Methods: Cumulative observed survival rates were calculated and compared among 95,283 patients with histologically confirmed lung cancer (diagnosed from 1983 to 1992 and followed through 1995) by the life-table method using population-based tumor registries participating in the Surveillance, Epidemiology, and End Results (SEER) Program of the National Cancer Institute. On the basis of the cumulative survival estimates, we derived the probability of death in the next year, conditioned on having already survived to the start of the year (annual hazards), and the probability of survival conditioned on having already survived ≥ 1 year (conditional survival). These rates were reported according to histologic subtype, stage, and age groups.

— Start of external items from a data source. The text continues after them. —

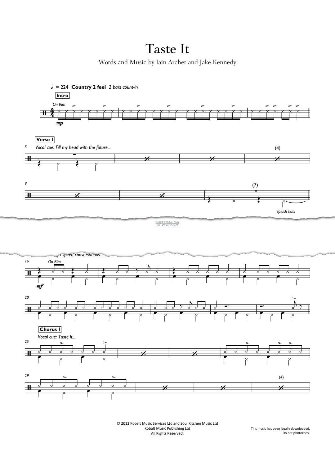 Taste It by Jake Bugg, arranged in drum chart format to follow the parameters for Grades 4 to 5 as set out by Trinity for the βown choice songβ option in their Rock & Pop exams.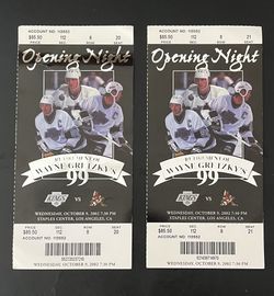 Tickets Retirement Of Wayne Gretzky s #99 Opening Night Staples Center Oct 9 2002$150Thousand Oaks, CA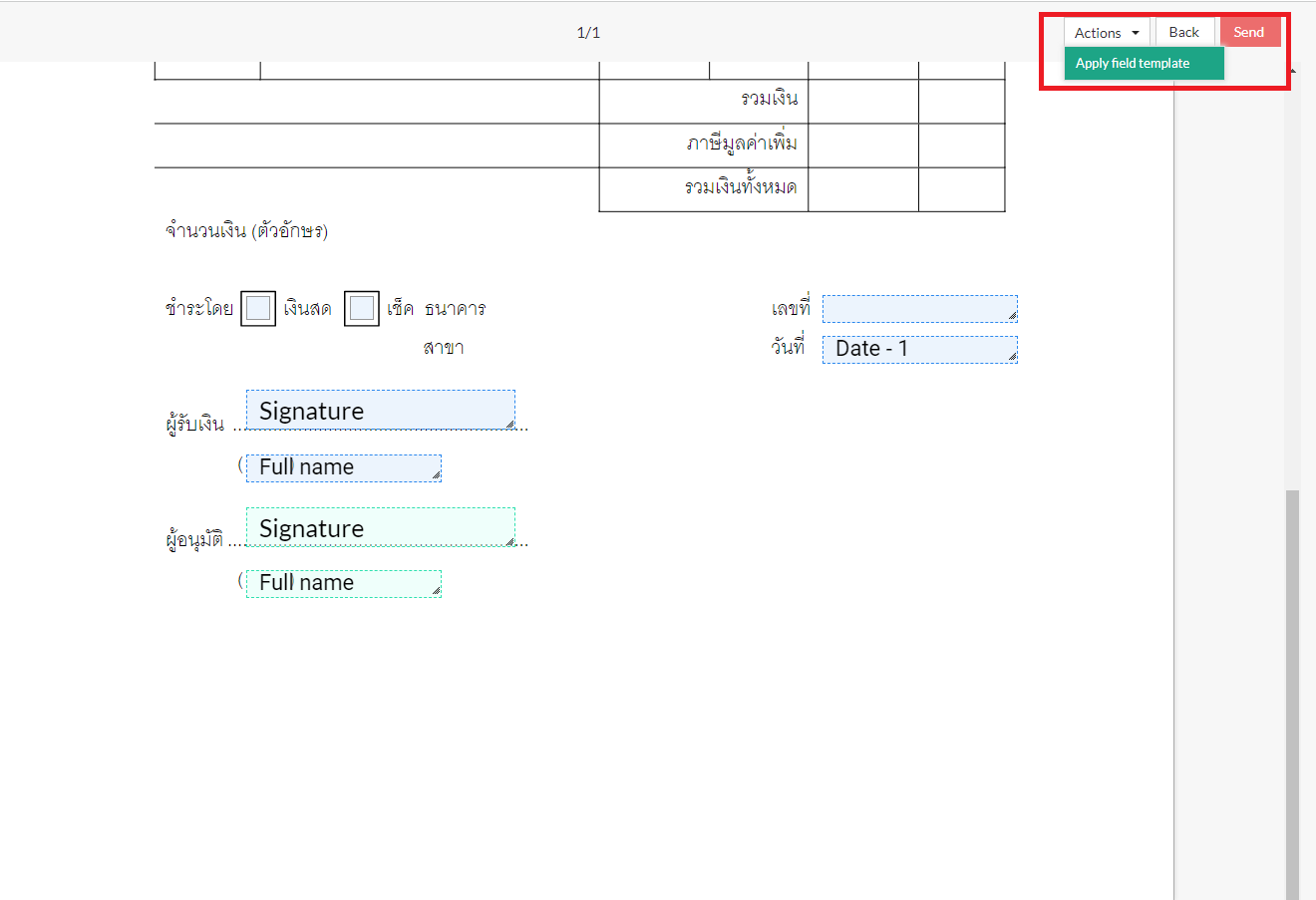 ในกรณีที่ช่องผู้ลงนามที่คุณต้องการเพิ่มในเอกสารมีอยู่แล้วในเทมเพลตที่บันทึกไว้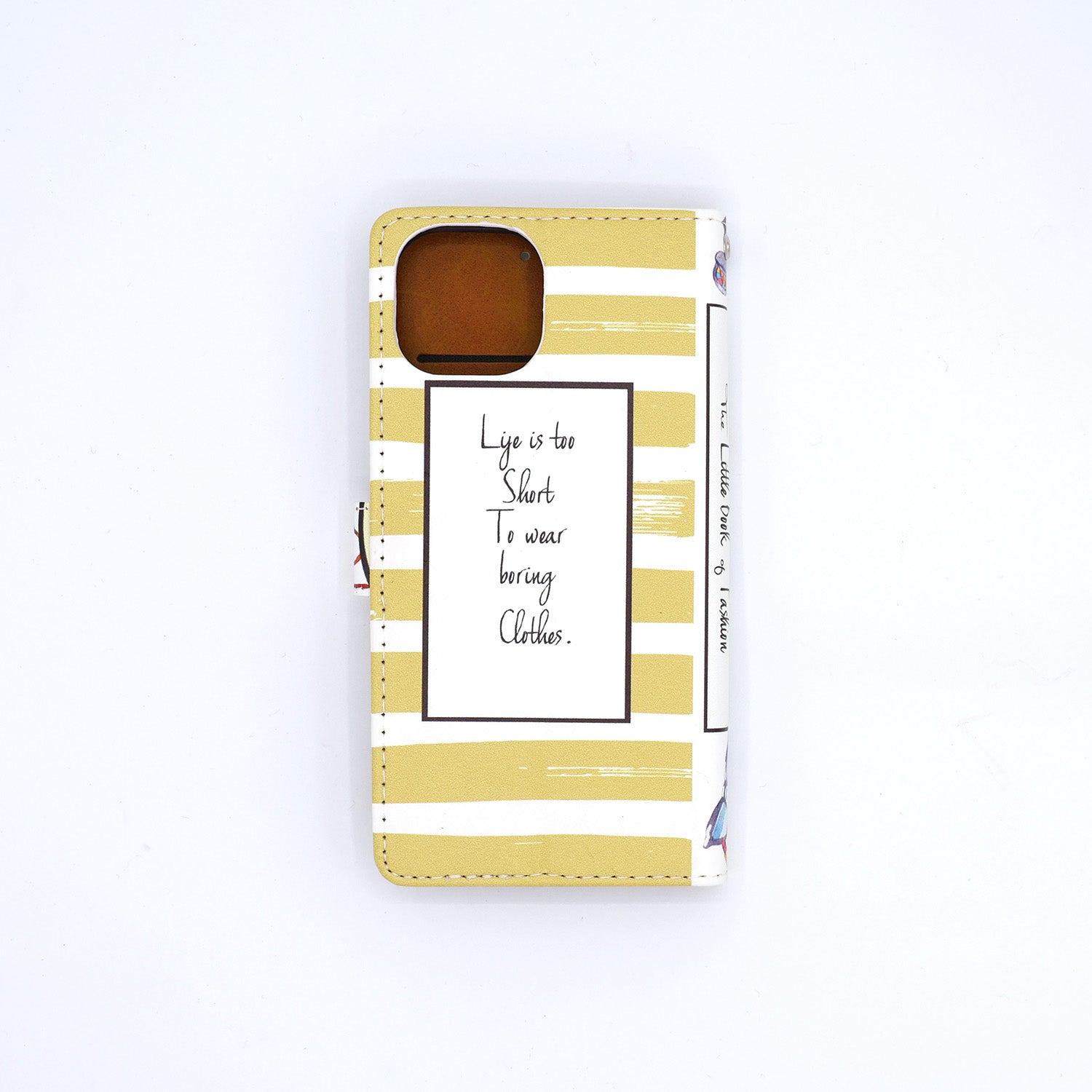 Experience our exclusively designed phone case inspired by The Little Book of Fashion. This beautiful case is inspired by a love of clothing and style. The front cover is designed with sketches of various articles of clothing. The back of the case is yellow and white striped featuring the quote, "Life is too short to wear boring clothes."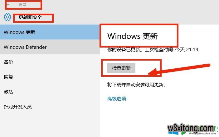 5、如果您显示没有安装,则点击开始--设置--更新与安全--windows更新--检查更新,更新安装完成后,重新启动计算机。如下图所示: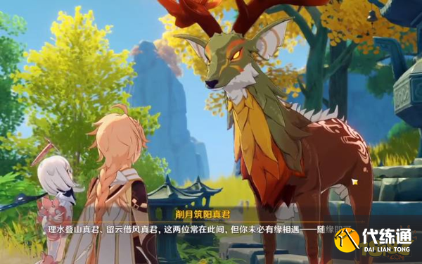 2、在到达所示位置之后会自动进入剧情,开始与削月筑阳真君对话。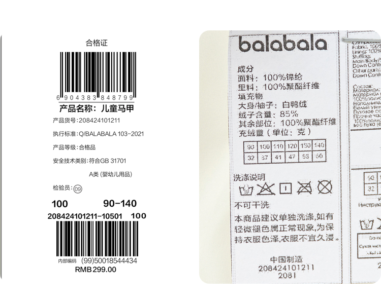 (合作款)巴拉巴拉童装儿童羽绒马甲 yb1103025
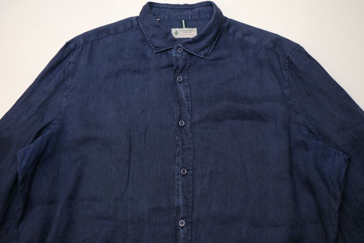 1957年にイタリア・ナポリで自身の名を冠し設立された高級シャツ・ブランド"LUIGI BORRELLI"からイタリア製のシャツ。少し粗めに織られた100%リネンを使用し、洗いざらしたような風合いのチャコールネイビーの色味と表情に渋い雰囲気を感じるアイテムです。ブランドの伝統的なモチーフを現代的にアレンジした"LUXURY VINTAGE"ラインによる1着で、肩幅に対して身幅を広くとったリラックス感のあるシルエットが柔らかなドレープを生み、マチ付き、襟の開きが水平に近いホリゾンタル・カラーが大きな特徴となっています。着用の上で問題となるダメージや汚れはございませんが、全体的に着用による色褪せや毛羽立ちのあるUSED品ですのでご理解の上ご検討ください。リネンならではのネップやシワ感がたいへん良く、カジュアルなコーディネートはもちろんジャケットスタイルにもおすすめで、通気性と速乾性の高いリネン素材ですので暑い季節に活躍する1本です。

Results: At the time of diagnosis, annual hazard rates differ greatly among histologic subtypes. However, by 5 years after diagnosis, the rates become similar. Bronchioloalveolar carcinoma displays the lowest annual hazards and small-cell carcinoma displays the highest annual hazards. Stage-age subcategories within histologic subtypes continue to show large differences in annual hazard rates. Five-year conditional survival probabilities are also reported, providing survival information that is consistent to that obtained from the annual hazards.

Conclusions: One- and 5-year prognosis for lung cancer patients is influenced by years already survived and histology, stage, and age at diagnosis. Annual hazards and conditional survival provides useful and more relevant information than conventional survival estimates for patients and their physicians. These statistics can be directly obtained from cumulative survival estimates and should be more widely reported.